DATASET:
○ ○ ○

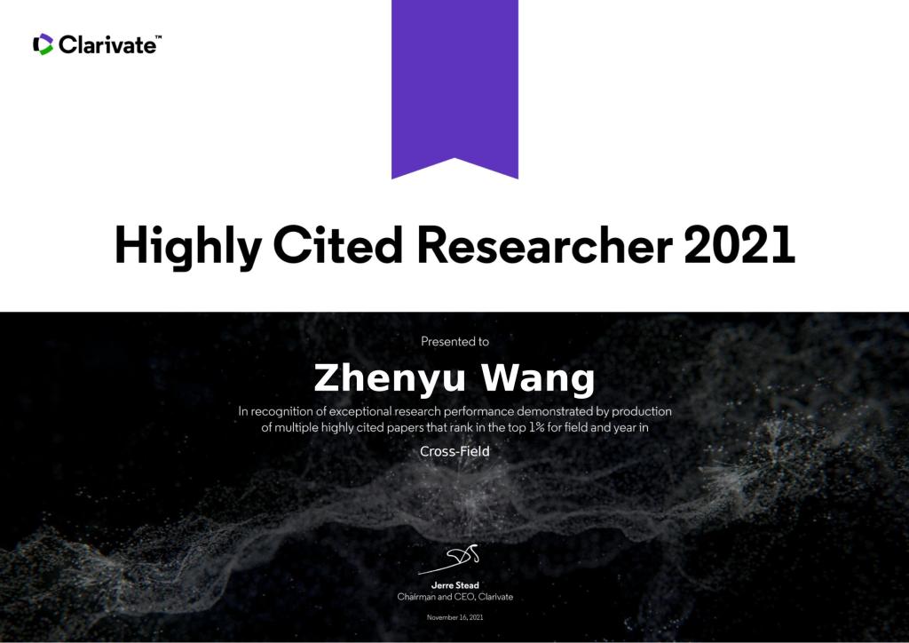 2021年中国内地高校高被引科学家荣誉证明
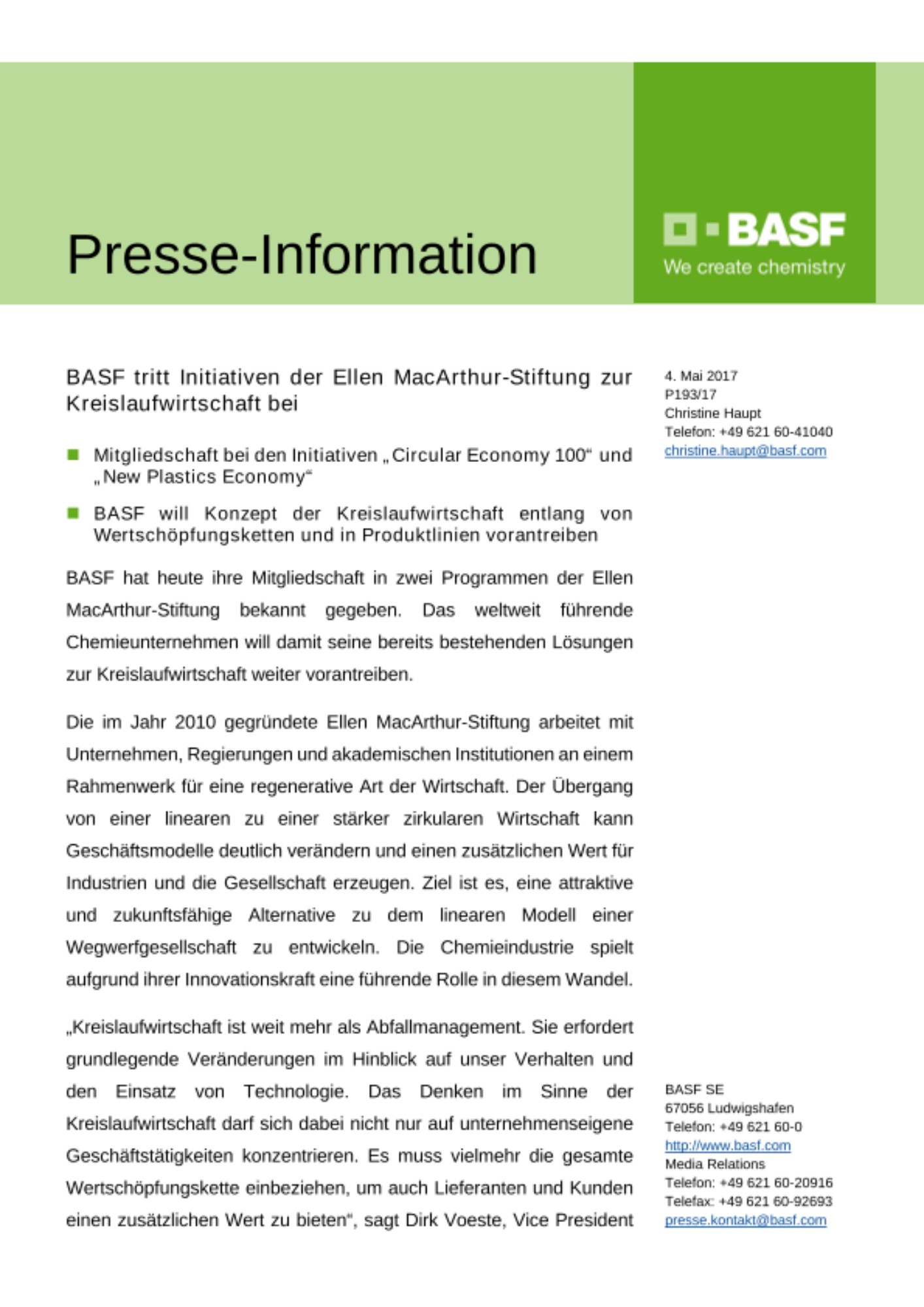 BASF wird auch Mitglied der Stiftungsinitiative „New Plastics Economy“. Diese bringt wichtige Interessensvertreter zusammen, die zunächst am Beispiel Verpackung die Zukunft von Kunststoff neu denken und gestalten. BASF wird hier eng mit den Teilnehmern der Initiative zusammenarbeiten, um den Wandel hin zu einer Kreislaufwirtschaft für Kunststoff zu beschleunigen, und dabei sicherzustellen, dass Vorteile wie Schutz von Lebensmitteln durch Kunststoffverpackungen fortbestehen.
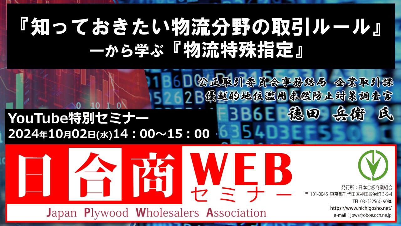 我々合板・建材の卸売業において、配送業務を継続的に物流事業者に委託することが多々ありますが、この様な場合、荷主と物流事業者の資本金の関係により独占禁止法上の「物流特殊指定」が適用される場合があります。今回のセミナーでは、「物流特殊規定」とはどのようなルールになるのか等を、公正取引委員会より講師を迎え解説していただきます。
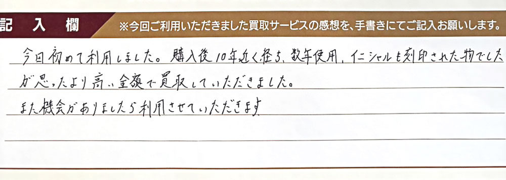 購入後10年近く経ち数年使用、イニシャルも刻印された物でしたが思ったより高い金額で買取していただきました。
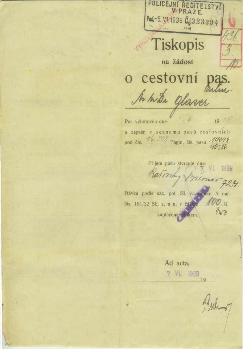 Glaser Artur: Passport application
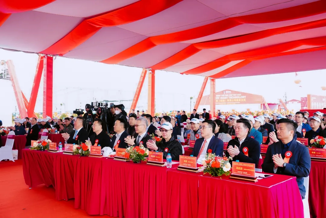 破土呈祥瑞,宏业启新程。2025年3月30日上午,星空游戏科技(越南)有限公司奠基仪式在越南北宁省VSIP二期工业园隆重举行。越共中央候补委员、北宁省委副书记、北宁省政府主席王国俊,北宁省VSIP工业区副总经理裴登宣,星空游戏科技董事长陈涛、总裁赵启祥等公司领导出席仪式。富士康、歌尔科技、智易科技、啓碁科技、正文科技、蓝微电子、德赛电池等客户代表,生益科技、台光、斗山材料、华正新材、麦德美、安美特、杜邦、太阳油墨、鼎泰高科、三菱电机、Schmoll、大族数控、芯碁微装、保德科技等41家合作伙伴,共计约150人应邀共同见证这一重要时刻。
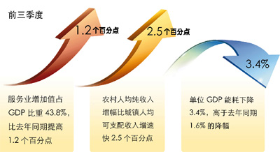 從產(chǎn)業(yè)結(jié)構(gòu)看,農(nóng)業(yè)生產(chǎn)形勢喜人,糧食產(chǎn)量實(shí)現(xiàn)歷史性的“九連增”,前三季度服務(wù)業(yè)增加值占GDP比重比去年同期提高1.2個(gè)百分點(diǎn)。

○ ○ ○

WORK ORDER: An exact reproduction of every record above is required, with no pictures included.

THE COMPLETED TASK:
 2021年中国内地高校高被引科学家荣誉证明
 BASF wird auch Mitglied der Stiftungsinitiative „New Plastics Economy“. Diese bringt wichtige Interessensvertreter zusammen, die zunächst am Beispiel Verpackung die Zukunft von Kunststoff neu denken und gestalten. BASF wird hier eng mit den Teilnehmern der Initiative zusammenarbeiten, um den Wandel hin zu einer Kreislaufwirtschaft für Kunststoff zu beschleunigen, und dabei sicherzustellen, dass Vorteile wie Schutz von Lebensmitteln durch Kunststoffverpackungen fortbestehen.
 我々合板・建材の卸売業において、配送業務を継続的に物流事業者に委託することが多々ありますが、この様な場合、荷主と物流事業者の資本金の関係により独占禁止法上の「物流特殊指定」が適用される場合があります。今回のセミナーでは、「物流特殊規定」とはどのようなルールになるのか等を、公正取引委員会より講師を迎え解説していただきます。
 購入後10年近く経ち数年使用、イニシャルも刻印された物でしたが思ったより高い金額で買取していただきました。
 Glaser Artur: Passport application
 破土呈祥瑞,宏业启新程。2025年3月30日上午,星空游戏科技(越南)有限公司奠基仪式在越南北宁省VSIP二期工业园隆重举行。越共中央候补委员、北宁省委副书记、北宁省政府主席王国俊,北宁省VSIP工业区副总经理裴登宣,星空游戏科技董事长陈涛、总裁赵启祥等公司领导出席仪式。富士康、歌尔科技、智易科技、啓碁科技、正文科技、蓝微电子、德赛电池等客户代表,生益科技、台光、斗山材料、华正新材、麦德美、安美特、杜邦、太阳油墨、鼎泰高科、三菱电机、Schmoll、大族数控、芯碁微装、保德科技等41家合作伙伴,共计约150人应邀共同见证这一重要时刻。
 從產(chǎn)業(yè)結(jié)構(gòu)看,農(nóng)業(yè)生產(chǎn)形勢喜人,糧食產(chǎn)量實(shí)現(xiàn)歷史性的“九連增”,前三季度服務(wù)業(yè)增加值占GDP比重比去年同期提高1.2個(gè)百分點(diǎn)。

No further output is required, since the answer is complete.